The intelligent buildings market is set to triple over the next decade, Navigant Research has predicted.
In a study examining the impact of the rise of ‘smart cities’, the organisation spoke to technology leaders, engineers, government agencies and various other industry experts. Policymakers are placing greater emphasis on curbing emissions and Navigant found buildings are a key factor in achieving these goals.
A smart building can drastically improve efficiency by using sensors to collect data about how it is used. Settings for heating, air conditioning and lighting systems can be automatically adjusted, so less energy is wasted.

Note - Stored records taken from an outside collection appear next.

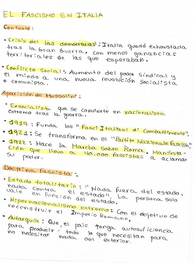 Holaa, apuntes de Historia + datos extra para sorprender al profe (Democracias y dictaduras en la Europa de Entreguerras, Ideología y bases sociales del fascismo, Itália fascista, La Alemania Nazi )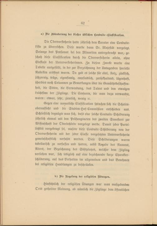 Gegen eine monatliche Classification sprachen sich die Schulen- oberaufsicht und die Studien-Hos-Commission entschieden aus. Schließlich begnügte man sich, dass eine solche Conduite-Schilderung jährlich einmal mit den Prüfungsacten des zweiten Semesters zur Wissenschaft der Oberbehördc vorgelegt werde. Damit jeder Parteilichkeit vorgebeugt sei, musste diese Conduite-Schilderung von der Obervorsteherin mit der jeder Classe vorgesetzten Untervorsteherin gemeinschaftlich verfasst werden. Diese Schilderungen waren tabellarisch zu verfassen und hatten, nebst Angabe des Namens, Alters, der Bezeichnung des Stiftplatzes, welcher dem Zögling verliehen war, sich lediglich auf eine bezeichnende kurze Charakterschilderung, auf das Verhalten im allgemeinen und das Benehmen bei religiösen Handlungen zu beschränken.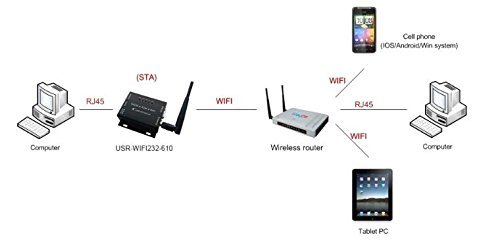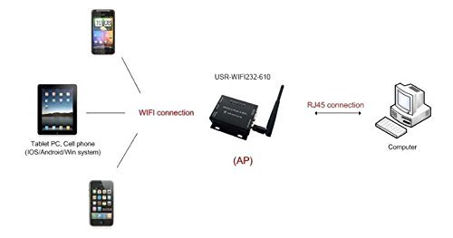 USR-WIFI232-610-V2は無線シリアルWIFIコンバータで、RS232 / RS485シリアル機器のWIFIまたはイーサネットネットワーキングへのプロジェクトに使用されます。それは、携帯電話やラップトップで制御することができますまた、リモートサーバーに接続することができます。シリアルWIFIコンバータの機能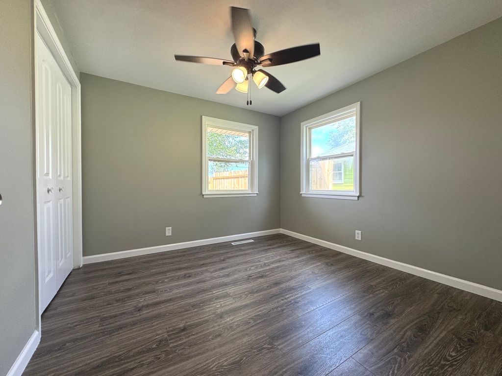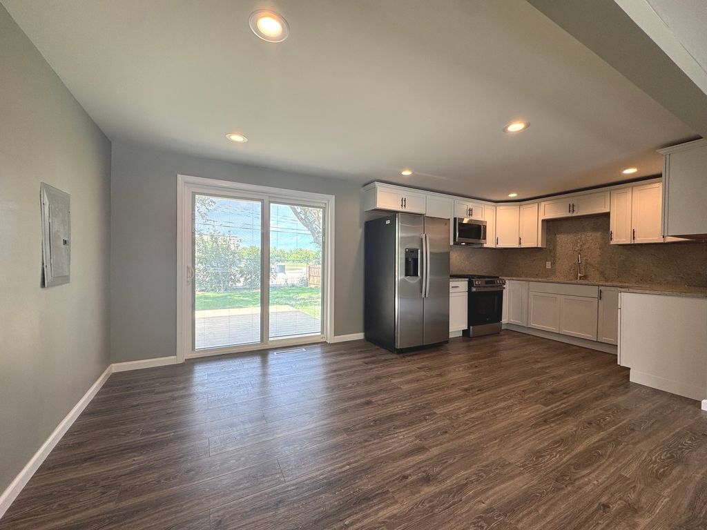 Brand NEW interior and beautifully remodeled Ranch home for you to enjoy, so many fresh modern updates! Open concept Living Room and Kitchen with new white cabinets, gorgeous granite countertops with matching back splash, 2 lazy Susan's, Stainless steel Refrigerator - Range - Microwave. The new sliding door leads you to a quiet fully fenced in yard with a new deck to relax and enjoy your morning coffee. The bathroom is beautifully updated with a porcelain tile surround with glass block window, niche, new vanity, porcelain tile floor, exhaust fan and washer/dryer. All new light fixtures, recessed lighting and ceiling fans. All new white interior doors, baseboard and trim, this home feels brand new inside! New Circuit breaker electric panel. The stone exterior of the house was also just tuckpointed, providing a new look to this home's exterior appearance. Newly landscaped and new concrete driveway. Roof 2024, Furnace and Central air 2025. Also, there is a wonderful park and walking trails at the end of the cul-de-sac.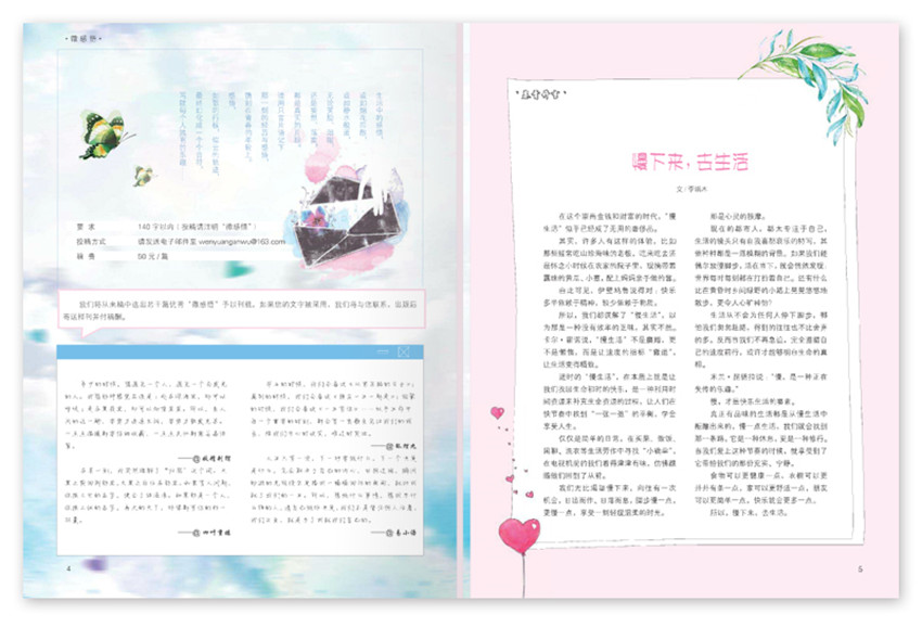《感悟》,单期页数:80页左右,本刊创刊于:2005年,其纸张开本为:16开,本刊重在突出理论性和探索性,对促进文学文摘交流及发展,起着重要的指导作用。纯爱的瞬间、初恋的体悟、微妙的情愫、难舍的情缘,要求故事感人而新颖,通过细节表现爱的真谛,让读者珍惜或者找回爱情世界里被自己忽略的东西。
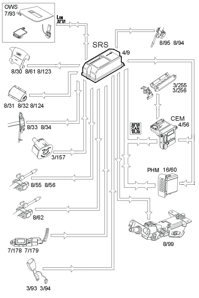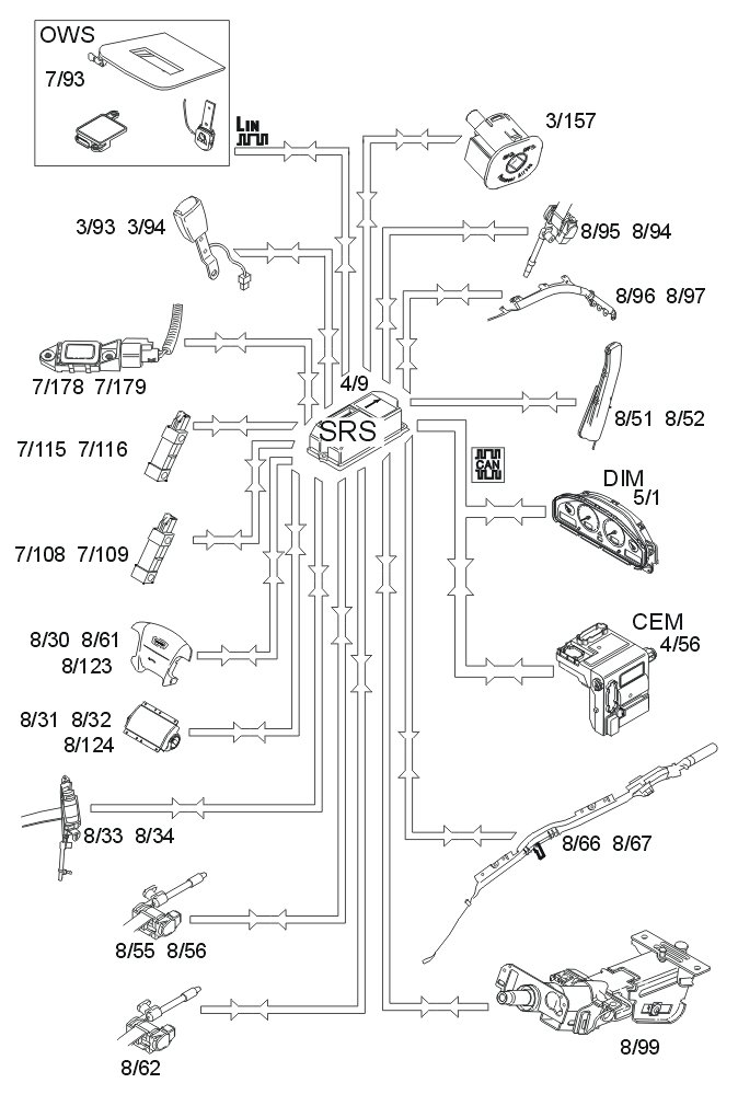 - seat belt tensioners front and rear (8/33, 8/34 8/55, 8/56 and 8/62)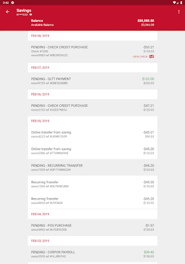 Our Android web‐app gives users the ability to: Check Balances, View Recent Transactions, Transfer Funds, Pay Bills to Existing Payees, and more!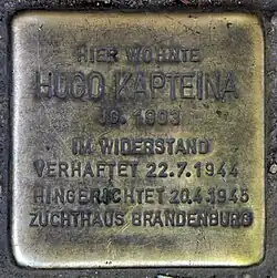 - ↑ Stolperstein für Hugo Kapteina ( vom 12. Februar 2013 im Webarchiv archive.today), abgerufen am 1. März 2011.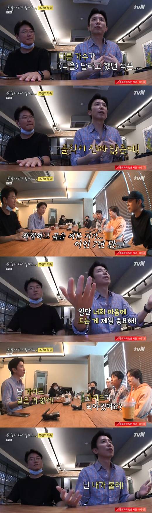 유희열이 밤새 만든 곡을 처음 만나기 위해 안테나뮤직을 찾은 젝스키스. 유희열은 "사실 곡을 달라는 가수들의 요청을 정말 많이 받는데, 내가 작정하고 이렇게 곡을 쓴 건 7년 만이다"며 젝스키스와의 협업에 담긴 의미를 강조했다.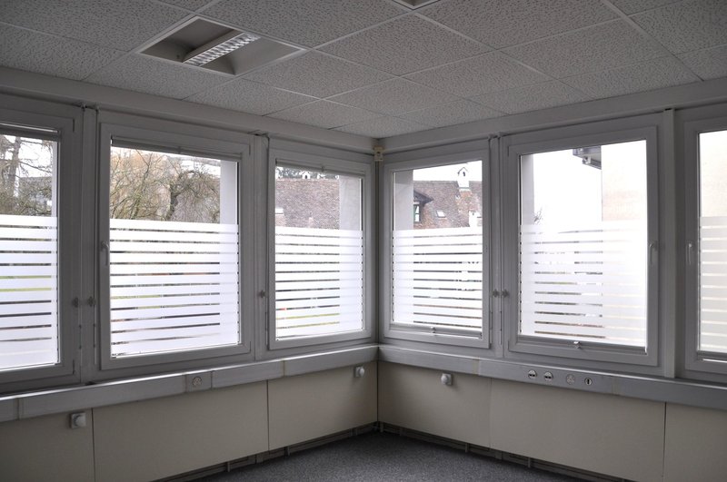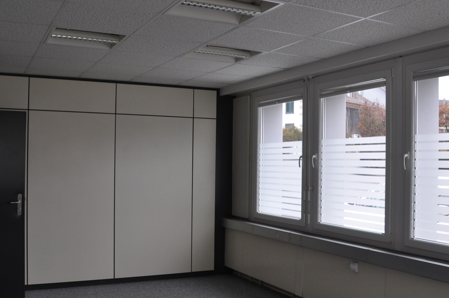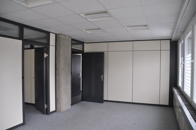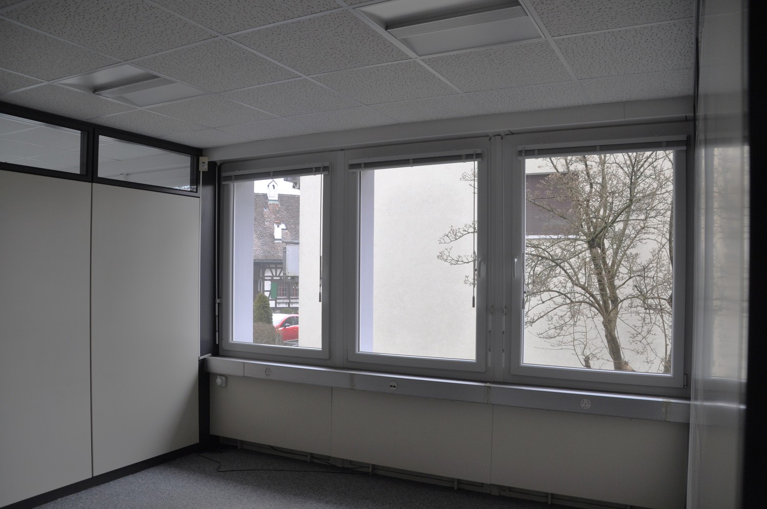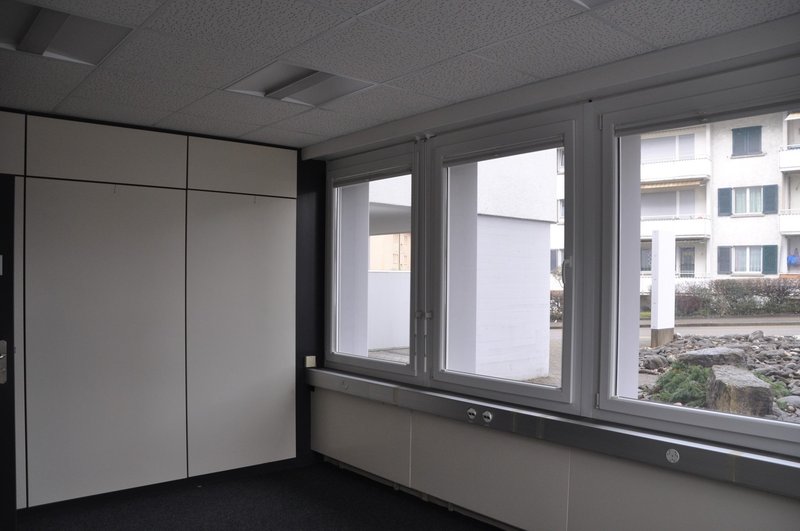 Der Eingang ist ebenerdig und rollstuhlgerecht gestaltet. Die schwellenlosen Büroräume sind bereits ausgebaut und bieten eine solide Basis, können jedoch individuell angepasst und nach Ihren Wünschen renoviert werden. Die grosszügige Fensterfront sorgt für lichtdurchflutete Räume und verleiht dem Objekt ein helles, professionelles Ambiente. Auch der Bodenbelag kann bei Bedarf erneuert und Ihren Vorstellungen entsprechend gestaltet werden.

For local authorities around the world, this represents an opportunity not only to improve operation of their own buildings (more effective temperature and humidity control in libraries, for example), but also to meet broader objectives.
Navigant noted 70% of energy consumption in major cities – and 30% of global greenhouse gas emissions – are attributable to buildings, and suggested a city can affect the market “as a regulator as well as a building owner”. As such, the global smart buildings for smart cities market, which is currently worth £2.7 billion, is expected to reach £7.8 billion by 2026.
By encouraging greater uptake of smart technology, cities improve their chances of meeting goals, staying competitive and improving public awareness of energy consumption.
But businesses, too, have strong incentives to consider how technology can help improve the workplace and reduce running costs. A recent report found simple changes to how existing energy controls are used could cut energy use by 30%.
Where smart technology is introduced, the effect is often profound, as in the case of one office building highlighted by Facility Executive. Optimising HVAC systems, through measures such as varying water flows and fan speeds, is saving over 360,000 gallons of water per year at the 220,000 sq ft site.